Ichika being filmed on the train platform.
SPOILER ALERT: She's an alien! 
In a wholly predictable plot twist (I'm not spoiling anything you couldn't figure out in like two seconds on your own, Dear Readers) it turns out Ichika is an alien. 
Agreed, friend of Kai's whose name I cannot remember at the moment!
Aliens ARE usually a huge plot twist.
Very M. Night Shalyman (except not at all)!
Takasuki Ichika accidentally crashed to earth with her friend/pilot named Rinon who looks like a peach/hamster hybrid thingamahoozit. Man, it just got silly, didn't it?

Magical Space Thingamahoozit, Rinon
is perhaps the unlikely product of an illicit hamster/peach love affair.
Ichika is hiding her identity and searching for someplace she's dreamed about, an imagined landscape she believes exists on earth. Kai wants to help her find it as they complete their film.

Despite the somewhat silliness of aliens and peachy/hamsters, this is a complex story about love, although it doesn't seem like a romance.  This story is instead about the sometimes fuzzy borders between love and affection and friendship and attraction.  As young adults at a crossroads of sort, these characters must navigate through these new and troublesome, and sometimes non-distinct, emotions. So, yes, on the surface the premise seems predictably silly, but the silliness should not dissuade you, Dear Readers. I'm looking forward to learning more about each of the group members as I watch their dramas unfold. And I'm hoping the silliness is kept to a minimum.

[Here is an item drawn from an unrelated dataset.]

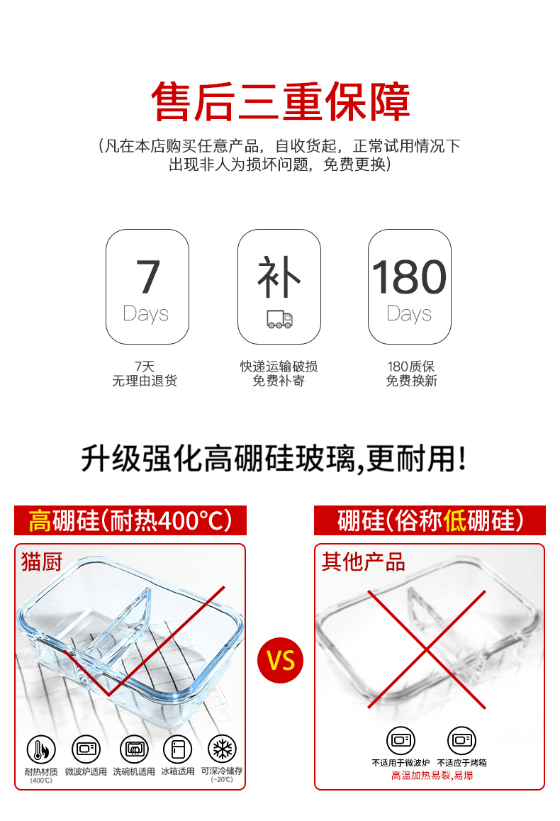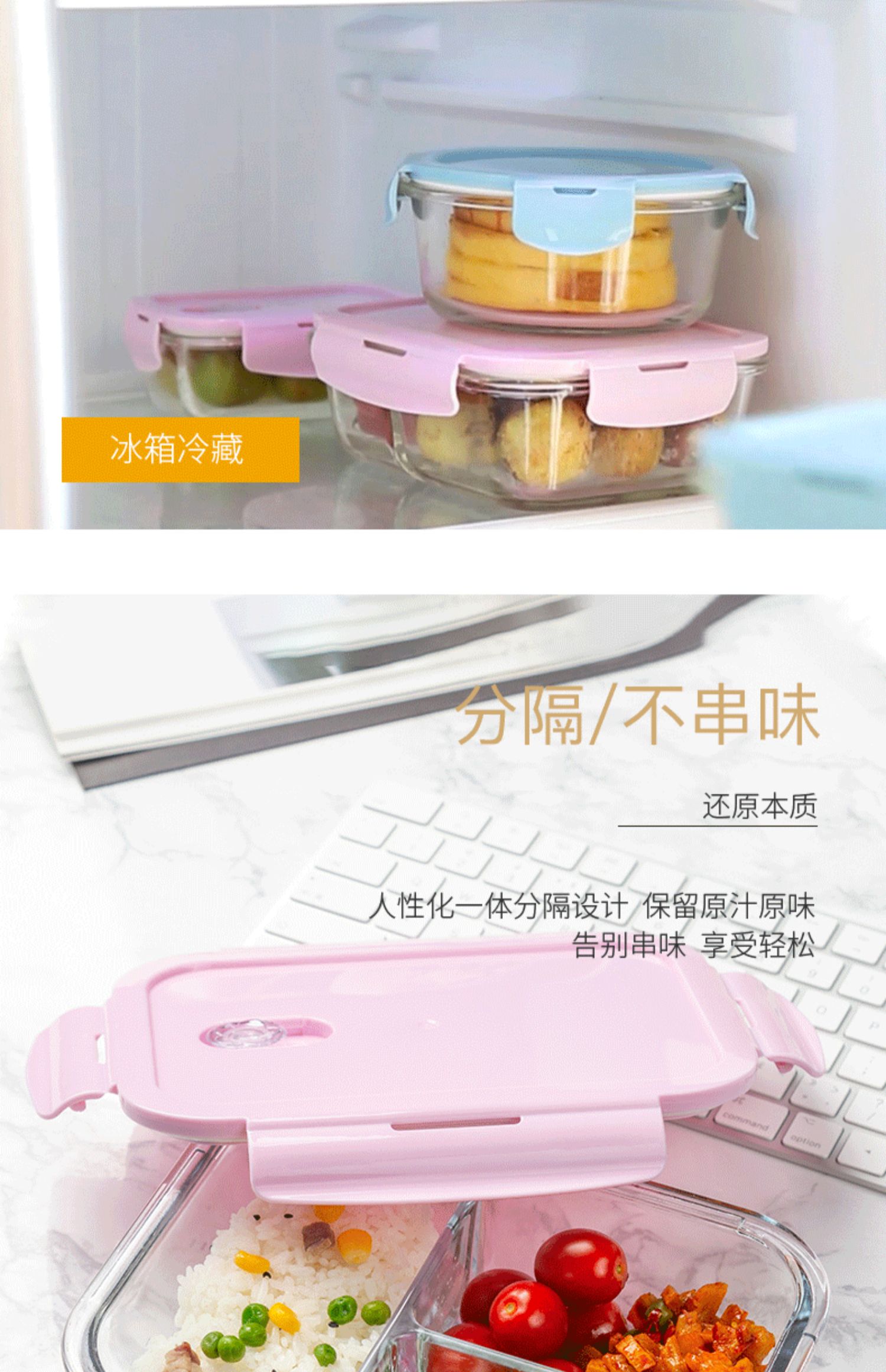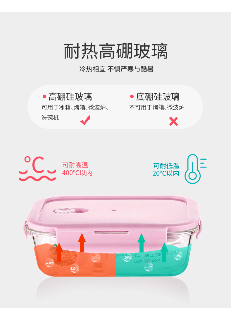网红达人力荐单品!高硼硅玻璃材质,耐热400℃,微波炉烤箱均可用!采用透明玻璃盒身设计,既干净又好看,美味不将就!卡扣与充气硅胶密封组合,360º摇晃滴水不漏!上班族的便当盒【赠运费险】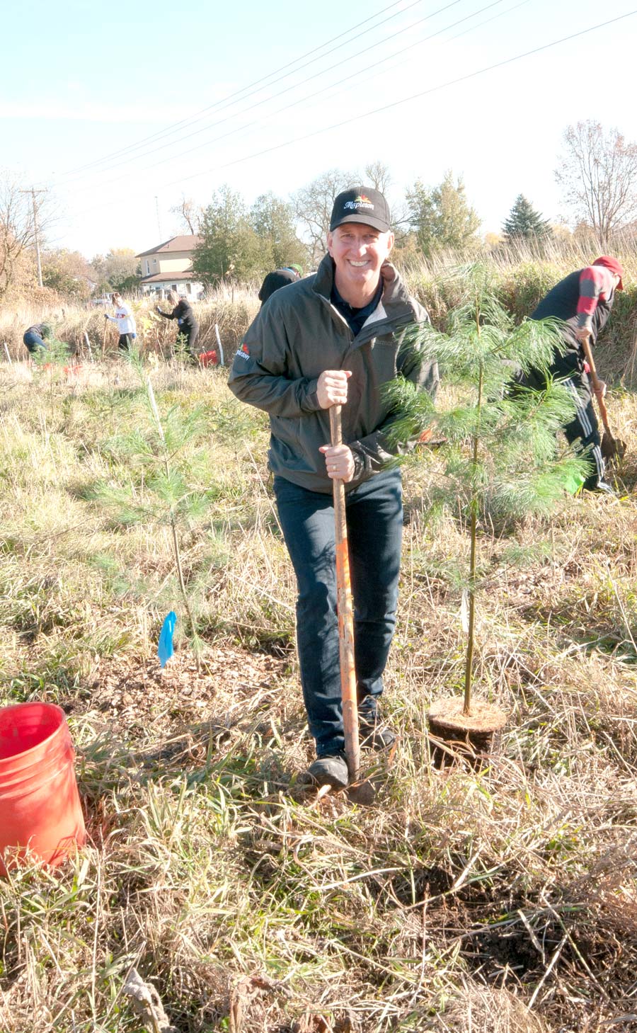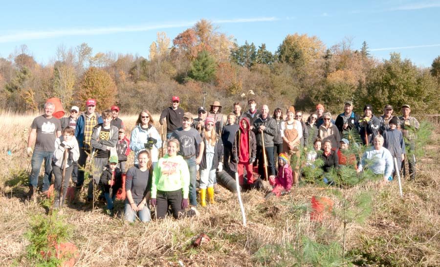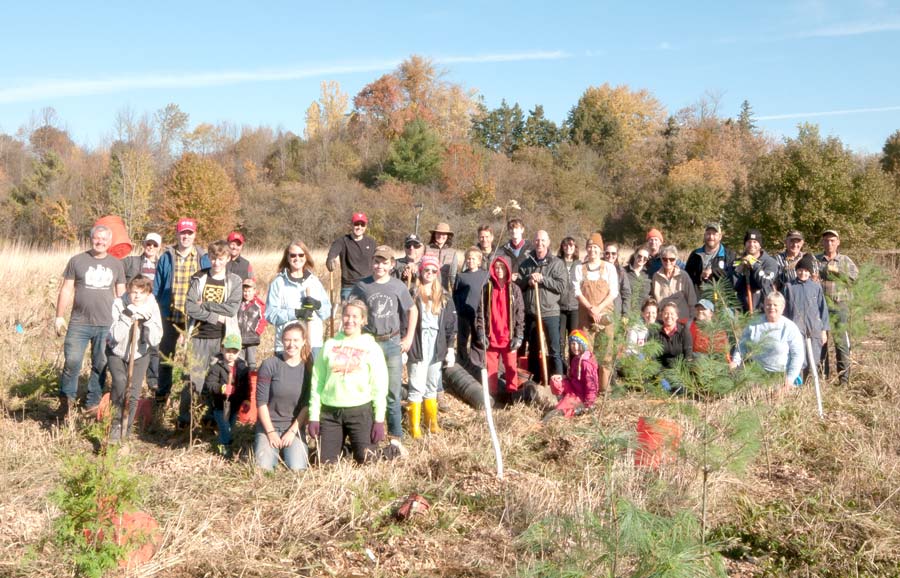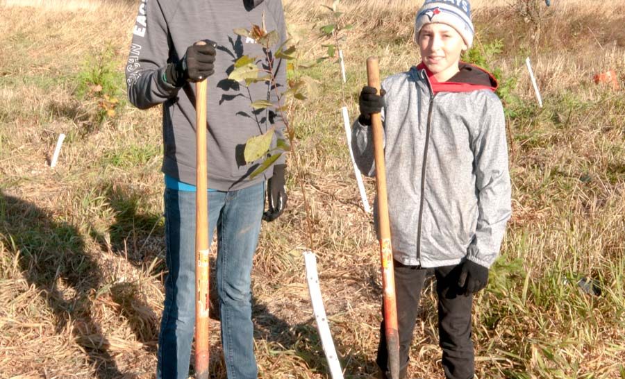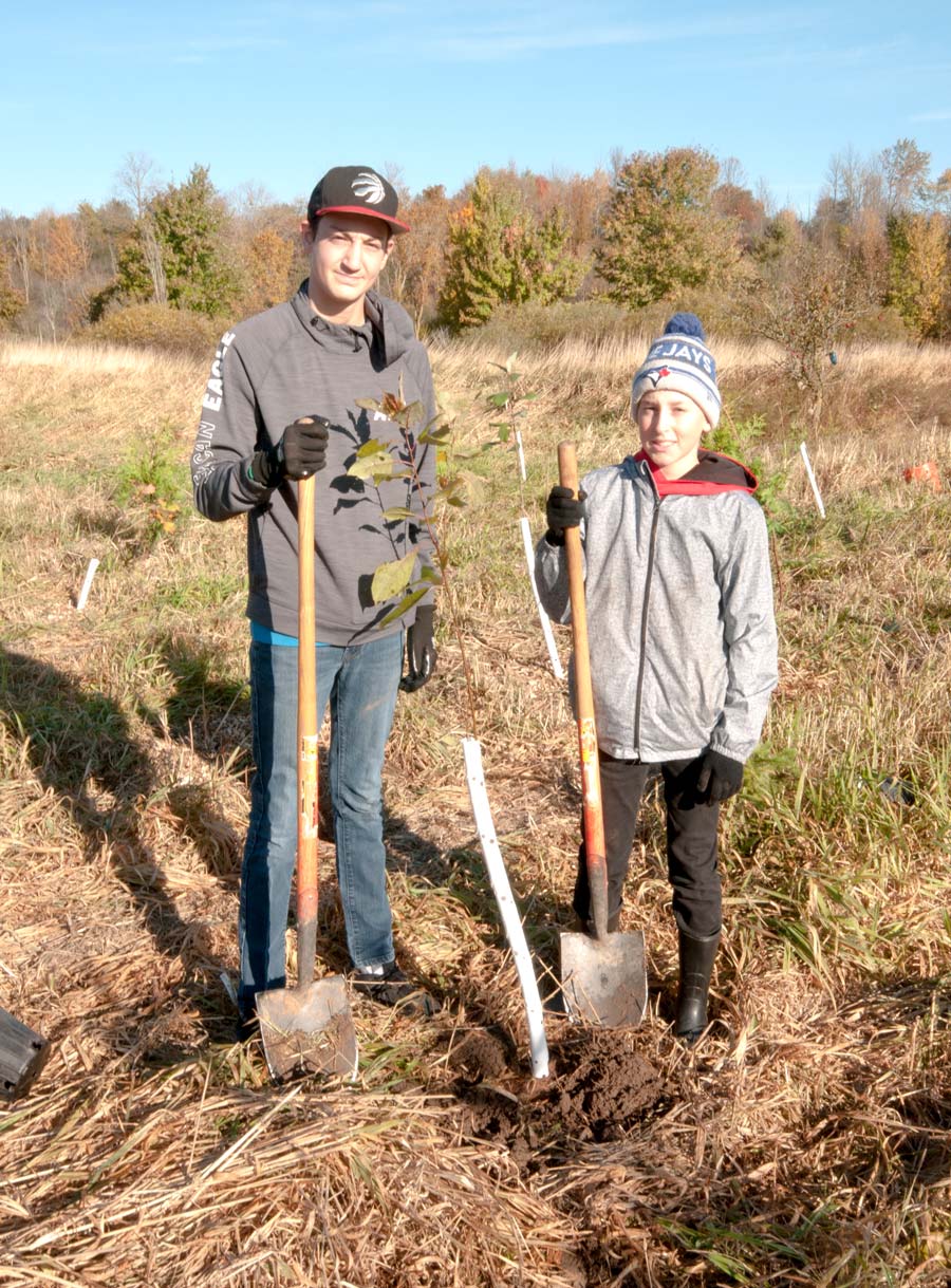 Community planting – Trees for Mapleton hosted a community tree planting at the Paul Day Legacy Forest in Riverside park in Drayton on Oct. 19. In just over an hour, 450 trees were planted bringing the total number of trees planted to date to around the 2,000 mark. The goal is to plant one tree for every resident of Mapleton, approximately 10,000 trees, over a five-year period. PHOTO ONE: Volunteers at the planting. PHOTO TWO: Volunteers Tyler Gerth, left, and Gavyn Lee. PHOTO THREE: Mapleton Mayor Gregg Davidson also pitched in. Photos by Jennifer Goertzen

I like silly too, but it seems unnecessary in such a beautifully illustrated and emotionally complex series.

*The traditional Japanese school system graduates students between grades in the Spring, before Summer break.

1 comment:

Jen Chough said...

this is being simultaneously broadcast in korea as well. just caught ep.4 and am intrigued, even though i'm not really into straight up romance. the animation is lush and it's refreshing that the main male protagonist is kinda quirky/nerdy but cute in his own way. will keep watching to see who he ends up with...if anyone at all.